茜色の夕日
「ああ、重い……。」
「そうだね、平助くん……。」
柚季は平助と二人で日が暮れてまもない街を歩いていた。
普通の女の子ならドキドキするシチュエーションだが、それどころではなかった。荷物がとてつもなく重いのだ。
平助は、大根三本と、ほかの野菜。柚季は、大根二本と、そのほかの野菜をもっている。肩が外れるかと思うほどの重量だ。テスト前のリュックよりも重たい。
こうなったのも、遡ること一時間。
稽古着から着物に着替え終わった頃のこと。
「柚季ちゃん!」
ミツが入ってきた。
「なんですか?」
「確か藤堂君と仲が良いわよね? 二人に買ってきて欲しいものがあるんだけど……。」
「了解です。」
思えば、この時に断らなかったのが元凶だ。まあ、目上の人に頼まれて、断ることなどできるはずがないのだが。
とん。小さな衝撃が肩に走った。この荷物の量だ。よろけてしまった。
「すまねえ、お嬢ちゃん。」
ぶつかってきた男はそう言って去っていった。
転びそう。だが、柚季の着物が土で汚れる事はなかった。
「大丈夫? 柚季。」
藤堂に支えられていたのだ。私は決して軽くないはずなのだが、藤堂は荷物を持ちながら、私の背中に手を当てている。

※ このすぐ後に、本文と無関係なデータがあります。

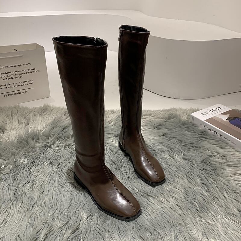 ロングブーツオータムレッドカジュアル 靴 シューズ 秋物 スクウェア フェイクシューズ29827285759

「ごめんね! 平助くん! 重かったよね、腕つってない?」
「柚季、背筋ものすごいあるな。」
必死に謝った柚季に対する藤堂の返事はこれだった。
「デリカシーなさすぎ……。」
ちいさく呟いた。
「みて!」
藤堂が突然、川の方を指さして言った。
「すごい綺麗だよ。」
それは、切ないほどに美しかった。
黄昏時の金色の光が川面をきらきらと反射している。
町の喧騒が、遠く感じる。まるで、別世界のよう。
この時代でしか見ることの出来ないこの景色をしっかりと目に焼き付けておきたい。そして、自然を前に、少年のように目を輝かせている藤堂の横顔も。
「君のその小さな目から大粒の涙が溢れてきたんだ。忘れることはできないな。そんなこと思っていたんだ。」
夕焼けの空を見つめて、柚季は、ふと、フジファブリックの茜色の夕日を口ずさんでいた。
二人の間には、この歌が流れている。